Second, Villarai argues that rule 1 requires us to liberally construe rule 18 to apply to these circumstances to “obtain a just, fair, equitable and impartial adjudication ․ with as great expedition and dispatch and at the least expense both to the litigants and to the state as may be practicable.” TEX. R. CIV. P. 1. Villarai contends that refusing to apply rule 18 to these facts produces an untenably odd and inefficient result. But “liberally applying” a rule is one thing; rewriting it is another. See Cameron v. Terrell & Garrett, Inc., 618 S.W.2d 535, 540 (Tex. 1981) (“[E]very word excluded from a statute must also be presumed to have been excluded for a purpose.”). Because a judge displaced by an election does not vacate the bench because he “dies, resigns, or becomes unable to hold court,” rule 18 does not apply to his successor.
Third, Villarai argues that Judge Williams had authority to file findings under section 30.002(a) of the Texas Civil Practice and Remedies Code. Section 30.002(a) provides: “If a ․ judge's term of office expires ․ during the period prescribed for filing ․ findings of fact and conclusions of law, the judge may ․ file findings of fact and conclusions of law in the case.” TEX. CIV. PRAC. & REM. CODE § 30.002(a).5 Villarai contends that because section 30.002(a) permissively provides that the former judge “may” file findings, it implicitly recognizes that the successor judge may file them as well. See, e.g., TEX. GOV'T CODE § 311.016 (“ ‘May’ creates discretionary authority or grants permission or a power.”).
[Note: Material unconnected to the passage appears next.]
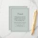 Diese einfache, elegante Hochzeitskarte in hellgrün ist so konzipiert, dass Sie Ihren geladenen Gästen Informationen rund um Ihren Hochzeitstag geben können. Ein Muster-Textvorlage ist enthalten, um mit allen Informationen, die Sie mit Ihren Hochzeitseinladungen einschließen möchten, personalisieren zu können. Benutzen Sie es, um Informationen über Hotelunterkünfte, Ihr Hochzeitsregister oder Ihre Website, besondere Ansammlungen, Transportinformationen, Fahrtrichtungen, etc. zu erhalten. Sie können auch die Weiß-Hintergrundfarbe dieser Gehäusekarte mit einer anderen Farbe ändern.

We disagree. Section 30.002(a) grants the former judge authority to file findings after his term of office expires, but it is silent as to the successor judge's authority to file findings on the former judge's behalf. The statute's grant of authority to the former judge does not imply a similar grant of authority to his successor.
Fourth, Villarai asserts that rules 296 and 297 grant Judge Williams the power to file findings. Rule 296 requires that the clerk of the court bring a request for findings “to the attention of the judge who tried the case.” TEX. R. CIV. P. 296 (emphasis added). But as Villarai points out, rules 296 and 297 require “the court” to “state in writing its findings of fact and conclusions of law.” See id. (emphasis added); see also TEX. R. CIV. P. 297 (“The court shall file its findings of fact and conclusions of law within twenty days after a timely request is filed. ․ Upon filing [a notice of past due findings], the time for the court to file findings of fact and conclusions of law is extended to forty days from the date the original request was filed.”) (emphasis added). Villarai argues that rules 296 and 297 authorize “the court”—in this case, the 101st District Court, and thus, Judge Williams—to file findings.
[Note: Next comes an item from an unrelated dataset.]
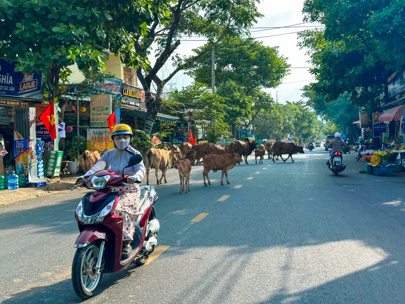 Tình trạng bò thả rông đi ngang nhiên giữa đường ở Đà Nẵng.

Again, we disagree. Rule 18 permits a successor judge to dispose of pending motions only if the former judge “dies, resigns, or becomes unable to hold court.” Similarly, section 30.002(b) permits a successor judge to file findings “as provided by Rule 18,” but only if the former judge “dies” before he files the findings. TEX. CIV. PRAC. & REM. CODE § 30.002(b). Construing rules 296 and 297 to permit the successor judge, as the “court,” to file findings in all circumstances would render both rule 18 (as applied to findings of fact, assuming it applies to findings at all) and section 30.002(b) superfluous. See TEX. GOV'T CODE § 311.021(2) (“In enacting a statute, it is presumed that ․ the entire statute is intended to be effective ․”); Sanchez, 149 S.W.3d at 115 (“[W]e presume that every word of a statute has been included or excluded for a reason ․”). While rules 296 and 297 require “the court” to file findings, section 30.002(b) grants a successor judge authority to file such findings only if the predecessor judge dies. See Fenchler, 180 S.W. at 601 (“It is an elementary rule of construction that, when possible to do so, effect must be given to every sentence, clause, and word of a statute so that no part thereof be rendered superfluous or inoperative.”).
Finally, Villarai asserts that a successor judge has inherent power to file findings, notwithstanding the governing rules and statutes. Again, we disagree. As Texas courts have consistently recognized, these rules and statutes grant judges power; they do not merely recognize inherent power. See, e.g., J.D.H., 2016 WL 3946822, at *6 (“We have consistently concluded that if neither article 30.002 nor rule 18 applies to a case that requires findings of fact and conclusions of law, then the case must be remanded.”).6
In summary, because no provision grants successor judges the authority to file findings on behalf of their predecessors displaced by an election, we agree with the court of appeals and Pak that Judge Williams's findings were invalid.
Villarai next contends that the court of appeals erred in holding that Judge Lowy lacks authority to file the findings. On this point, we agree. As previously noted, section 30.002(a) provides: “If a district or county judge's term of office expires ․ during the period prescribed for filing ․ findings of fact and conclusions of law, the judge may ․ file findings of fact and conclusions of law in the case.” TEX. CIV. PRAC. & REM. CODE § 30.002(a). Here, because Judge Lowy's term of office expired on December 31, 2014, which was within the period for filing the findings Pak requested, section 30.002(a) granted Judge Lowy authority to file the findings even after his term expired.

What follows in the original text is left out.